PROBLEM REQUIREMENTS →
For the data that follows, return each line unchanged and drop the pictures.

PROVIDED DATA →
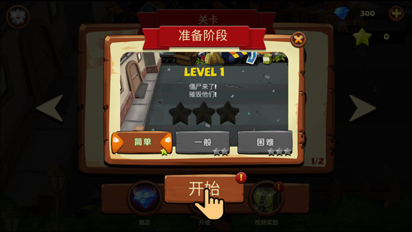1、打开植物横扫僵尸,点击开始游戏,选择游戏关卡;
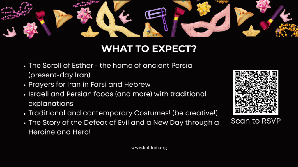 As we approach our famous Jewish holiday of Purim, this year we want to not stay ignorant to the history unfolding in front of our eyes, and how God moves through it. Celebrate freedom and hope of a better future at Purim 2026: “A Free Iran!” Join us at Kol Dodi on Saturday, February 28th at 11:00 AM. Don’t miss out on this inspiring event! Register NOW – Spots are filling out fast!
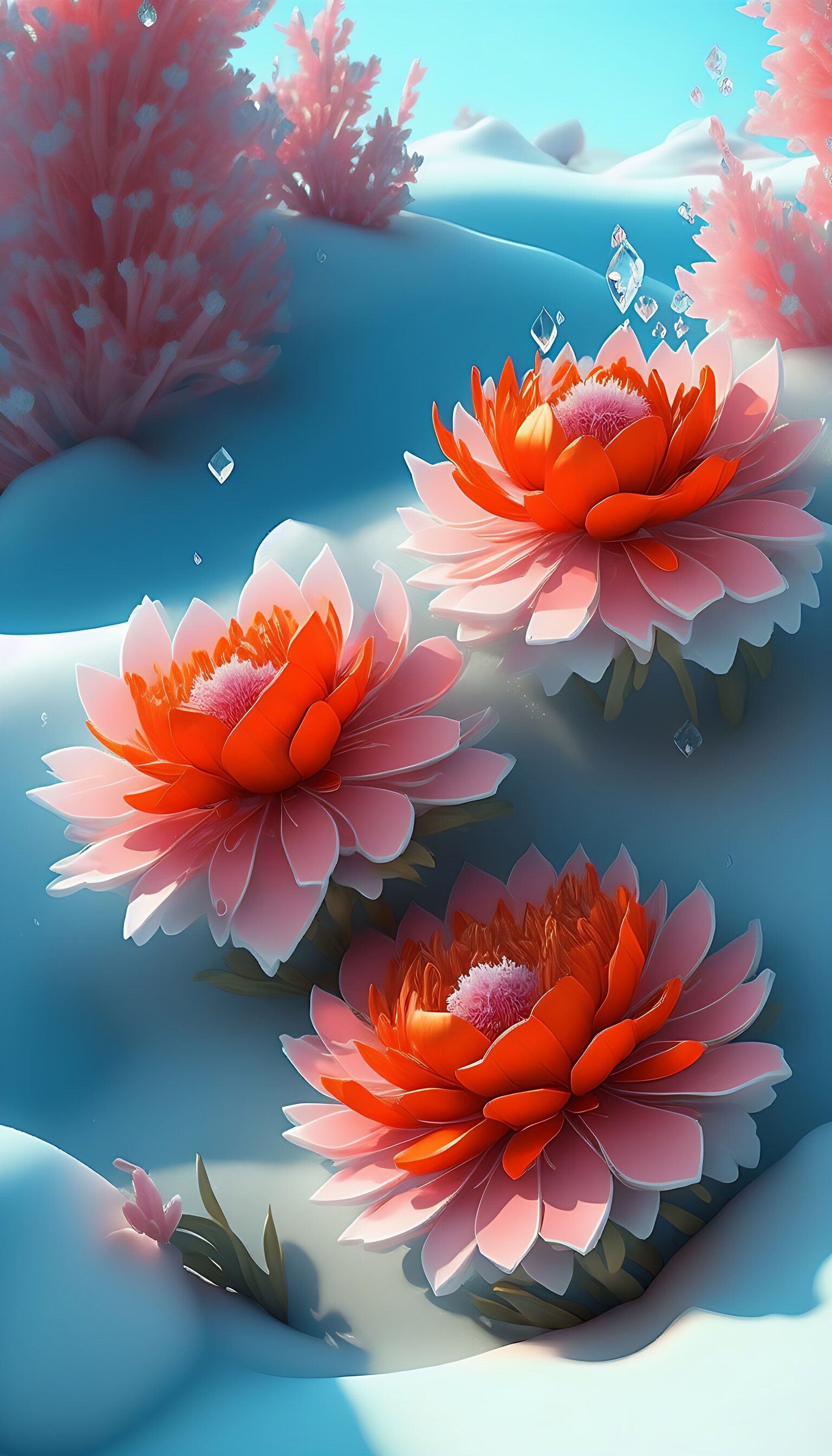 flowers in snow 3d ice art flowers 3d wallpapers 3d, in the style of time-lapse photography, light red and aquamarine, hyperrealistic illustrations, unreal engine 5, realistic yet romantic, pink and orange, surrealism-inspired --ar 59:128(点击复制)

EXERCISE RESPONSE →
1、打开植物横扫僵尸,点击开始游戏,选择游戏关卡;
 As we approach our famous Jewish holiday of Purim, this year we want to not stay ignorant to the history unfolding in front of our eyes, and how God moves through it. Celebrate freedom and hope of a better future at Purim 2026: “A Free Iran!” Join us at Kol Dodi on Saturday, February 28th at 11:00 AM. Don’t miss out on this inspiring event! Register NOW – Spots are filling out fast!
 flowers in snow 3d ice art flowers 3d wallpapers 3d, in the style of time-lapse photography, light red and aquamarine, hyperrealistic illustrations, unreal engine 5, realistic yet romantic, pink and orange, surrealism-inspired --ar 59:128(点击复制)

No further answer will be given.